Measuring Customer Experience Success
BLD: How does a customer go about figuring out how effective or how successful an Aspect solution was? Specifically, in the realm of self-service?
Tobias: What many people don’t know is that the Aspect product was originally designed and architected by a German company. The founders of that company were all from MicroStrategy, a business intelligence firm. They all had this enterprise BI thinking when they started this product. So from the ground up, we’ve architected reporting and analytics into the platform. Today, we have a very comprehensive suite of reports that come with the platform – over 50 pre-built reports that answer questions from three main groups.
One group is the designers that designed the IVR, the voice user interface and things like that. They want to know how well callers accept the prompts, the messages and the answers. The second group is system administrators that want to know about system performance, and maybe bottlenecks with back-end access etc. The third group is the business that wants to know whether KPIs are being met, the success rates and completion rates at business tasks that the IVR or the chatbot represents. We have all those reports baked in, and you can look at the data at any granularity by filtering and slicing and dicing to really get a thorough understanding not only of the technical operation, but also whether customers actually find their way around in it, do they successfully complete the tasks when they call in or text us or talk to the chatbot. That gives our clients deep insights and lets them make educated decisions on how to improve an application once it’s deployed.

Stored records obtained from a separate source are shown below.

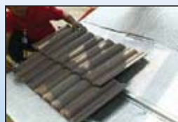
Step 6 Install roof tiles according to manufacturer's recommendations.
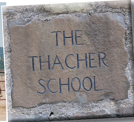
125 years of academic excellence and great horsemanship
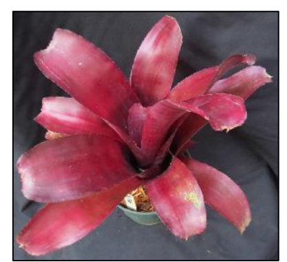
Billbergia 'Red Aplenty'
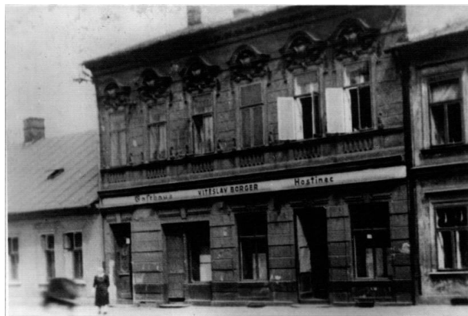
The Borger Tavern

Do you know the Borger family or the Tavern?
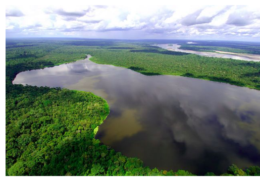
Amazon Rainforest, Ecuador
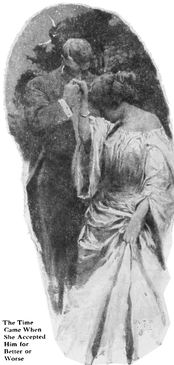
The Time Came When She Accepted Him for Better or Worse

And again he saw the thing that was like a naked man, running swiftly and lightly and singing as it ran. Opposite him it paused, and his heart stood still. But instead of coming toward his hiding-place it leaped into the air, caught the branch of a roadside tree and swung swiftly
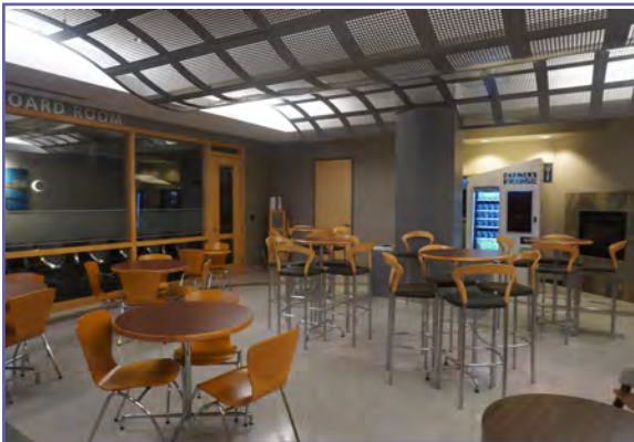
Access to Cafe at City Center West
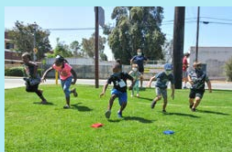
Outdoor Fun at Colorado Lagoon
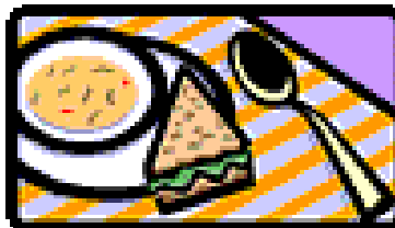
Simple changes with big results!
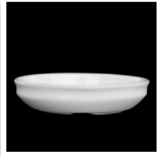
Oval Butter/Spread Crock 5100.F0000.38
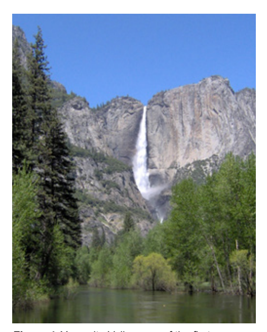
Figure 4: Yosemite Valley, one of the first national parks in the United States, established a precedent of setting aside natural areas for their scenic beauty, recreation, and conservation.

The most common example of a protected area is a national park. In the United States, national parks are so popular that they have been called "America's Best Idea." While I am an enthusiastic fan of national parks, I also recognize problems associated with the concept. We often forget, for example, that the "natural" state of such parks is mostly a recent phenomenon. Many Native American groups were systematically removed from parks (and rarely compensated) to make the parks "natural," and some parks, such as Mt. Rushmore in the Black Hills of South Dakota and Devil's Tower in Wyoming, are directly on top of sacred sites for Native Americans. In other areas of the world, especially in developing countries, most protected areas are occupied by groups of people who have lived there for decades or centuries and have legitimate claims to the land. Some may not be aware that their land is being transformed into a park and, once informed, are shocked by all of the new regulations they are expected to obey. In worst-case scenarios, they are evicted without compensation, be-
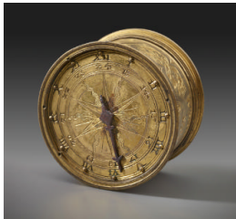
Title: Portable Drum Clock Date: ca. 1550 Primary Maker: German, probably Augsburg Medium: Gilt brass Dimensions: H.: 1 1/2 in. (3.8 cm), diam.: 2 3/8 in. (6 cm)
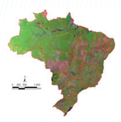
Image composition of Brazil - Landsat images processed by Embrapa Satellite Monitoring.

scale water productivity assessments. They observed natural vegetation and agricultural crops in various agro-ecosystems in Brazil, taking into account both rainfed and irrigation aspects. Importantly, the dual use of remote sensing and weather data allowed them to obtain these large-scale water productivity assessments from different agro-ecosystems: "The analyses may contribute to a better understanding of the biophysical parameter dynamics, which are highly important for appraising the impact of climate and land use changes and for informing government plans to expand the irrigated areas," Teixeira points out.
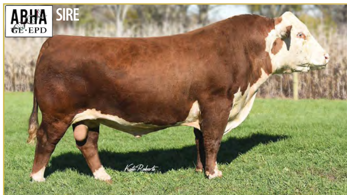
SIRE OF LOT 25

APPROVED HERD SIRE. TAEP approved cost share Homozygous polled Dancer Excede K01 is a well put together bull. When you come to a sale looking for a bull to build your herd, look no further if you study him on both sides of his pedigree you will find greatness. His females will definitely be the best calf raising productive cows in your community. His sons will stand out from day one to maturity. His EPD swing from birth to yearling is awesome. Let him take your herd to a better place.
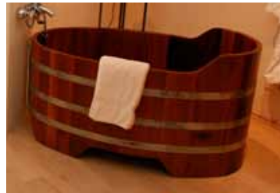
BW K 130x79x60/70 Kt
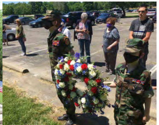
Young Marines placing a wreath on a memorial

BLD: But what are your thoughts on just the whole notion of omni-channel today? Everything hops across channels. So how does one go about measuring first call resolution (FCR) or average handle time (AHT). Has Aspect addressed this issue yet?
Tobias: Well, I think the entire industry is trying to rethink some of that, right? The metrics and APIs need to change in today’s world. There are some forward-thinking companies that are no longer saying – “I’m measuring you, dear agent, by how long it takes you to be on a phone call with a customer” because that’s a poor metric.
At the end of the day, we’re seeing a paradigm shift from the contact center being a cost center to a revenue center and customer retention center where if you provided a great experience, you add to the bottom line of the business and in that light, there’s no point in AHT and those metrics. At Zappos, an agent won an award for an eight-hour call with the customer. That’s insane to think about it. But by serving customer right, by really having an ear and an eye out for what they need, we can design the right metrics.
BLD: Any closing thoughts for us?
Tobias: At Aspect, our engagement is much more of a consulting engagement at the beginning. We do customer journey mapping with the client to understand how customers are interacting today throughout the entire journey. Based on what we understand about their business, we help them craft great journeys that use technology at places but also the human touch at other places and then track how well the solution is working. That’s where it’s important to consolidate data sources. There’s a lot of system integration needs to happen. And it’s only getting more and more complex in terms of data items, right? Where ultimately you can only survive by embracing approach like machine learning and neural networks that you train on patterns that emerge from these touchpoints to ultimately predict customer behavior.
We’re also doing some of that on our workforce management side where we’re looking at training a machine learning algorithm on detecting patterns of behavior of agents to make sure that we know if an agent is at risk of leaving the company.
BLD: Tobias, this has been a fascinating interview to say the least. Thank you so much for taking the time.
Tobias: All right, thank you. Thank you so much. Take care.